Wednesday 16 November 2011

Aspects of the Thriller Genre

A Noir Thriller: 
This is a cinematic technique used around the 1940s to 1950s period. It uses low-key black-and-white images to give harsh/dark shadows and evoke mystery, adding to the mise-en-scene of the whole film, generally. It is also to create silhouettes and therefore the ease of hiding a person's face in the darkness or giving light to a specific area to put focus onto a certain point and retain the audience's focus on that subject. 


Femme Fatale:
A femme fatale is a mysterious and/or seductive woman whom is subdued by domesticity or marriage, punished or exiled or killed off. This was mainly used in the same classic period as the Noir Thriller (1940s-1950s), but is still used today in films such as 'The Girl with the Dragon Tattoo (2009)'. At the time it was a very crucial shift in the film industry and the social context of the conformities of woman at the time. Historically, women are the mothers and carers, but in these films we are shown that women can be much more, thus breaking the social barrier for women. 


Flawed/ambiguous anti-hero:
This type of hero is an anti-hero because they are reluctant to help people in the first place, but ultimately end up being the hero even if they don't mean to be. 'Gene Hunt' in the 2006-2007 series of 'Life on Mars' was an anti-hero as he was a policeman, but didn't really want to help people. Also these type of heroes are very ambiguous, meaning you can't quite work them out or work out their reasoning and also have flaws themselves - which shows that even people with flaws, such as a drink problem, can also be a hero even if it is reluctantly. This also breaks the traditional values and characterisation of a 'hero'.

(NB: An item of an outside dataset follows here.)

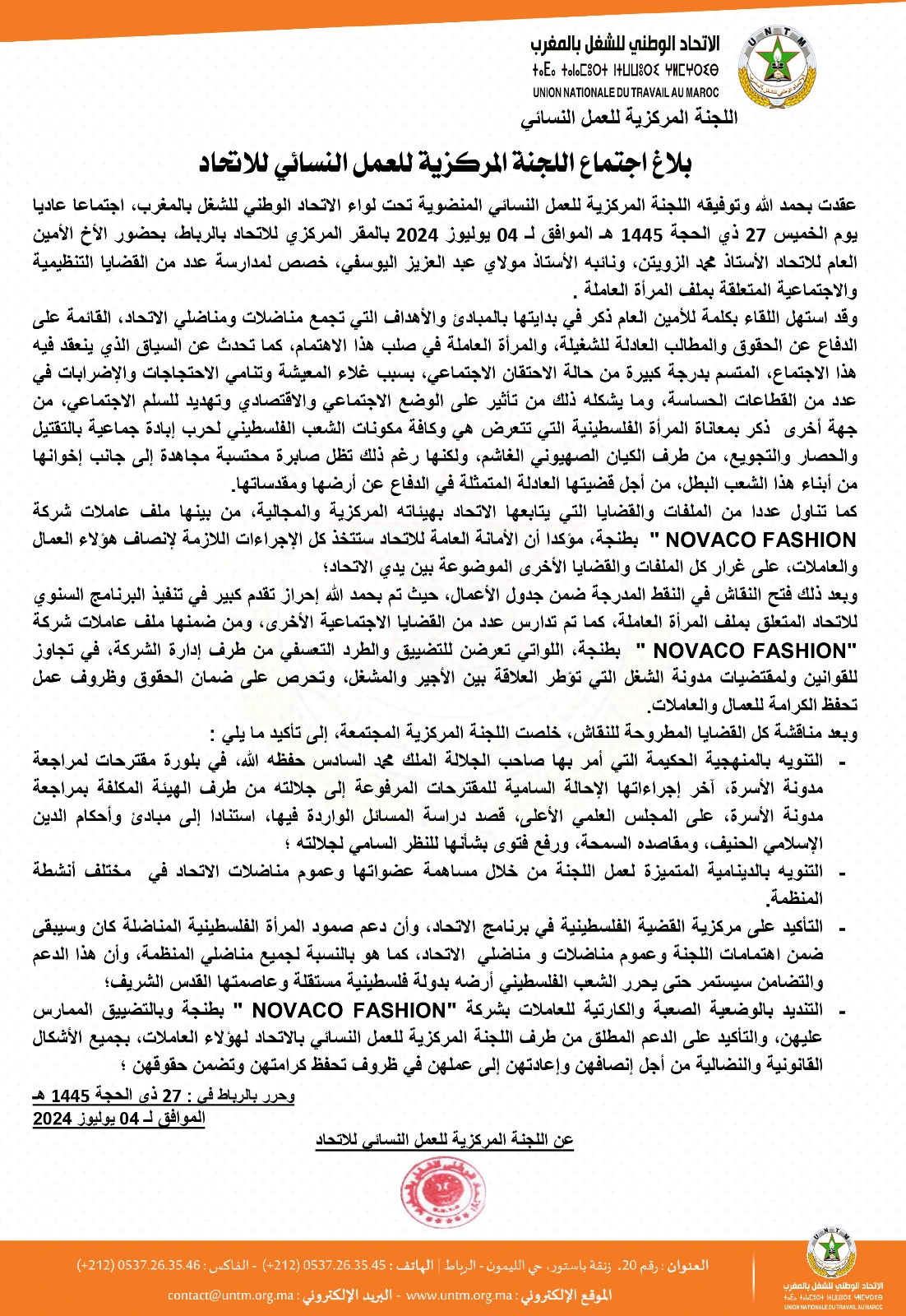 ونددت اللجنة، بالوضعية الصعبة والكارتية للعاملات بشركة “NOVACO FASHION ” بطنجة وبالتضييق الممارس عليهن، مؤكدة على الدعم المطلق من طرف اللجنة المركزية للعمل النسائي بالاتحاد لهؤلاء العاملات، بجميع الأشكال القانونية والنضالية من أجل إنصافهن وإعادتهن إلى عملهن في ظروف تحفظ كرامتهن وتضمن حقوقهن.

Attractive/sympathetic villain:
This is the type of villain that the audience fall in love with even though they know that they shouldn't because they are obviously a villain. This technique would be used to perhaps keep the audience on the edge of their seat because they love and hate the villain. This oxymoron of love hate means the director can evoke deep emotional reactions from the audience if the villain is attractive. Also if the villain is sympathetic the audience becomes sympathetic with the villain themselves which confuses the audience even more because you should side with the good, not the evil, but in some cases you're not sure who is who until the end of the film. 


Generic Characters:
Convicts, criminals, stalkers, assassins, down-on-their-luck losers, innocent victims, prison inmates, menaced women, characters with dark pasts, psychotic individuals, terrorists, cops, hit men, fugitives, twisted relationships, world-weary men and women, femme fatales, psycho-fiends, drug addicts. 


Generic Themes:
Greed, envy, jealousy, terrorism, political conspiracy, pursuit or romantic triangles leading to murder. 


Generic Locations:
Dimly lit often wet narrow streets, alleyways, lifts, staircases, basements, large featureless exteriors, shower cubical, toilets, phone booths, bank safes, interior of cars, car parks, top of a skyscraper, shores, muddy rivers, scrap yards, derelict factories/warehouses, tunnels.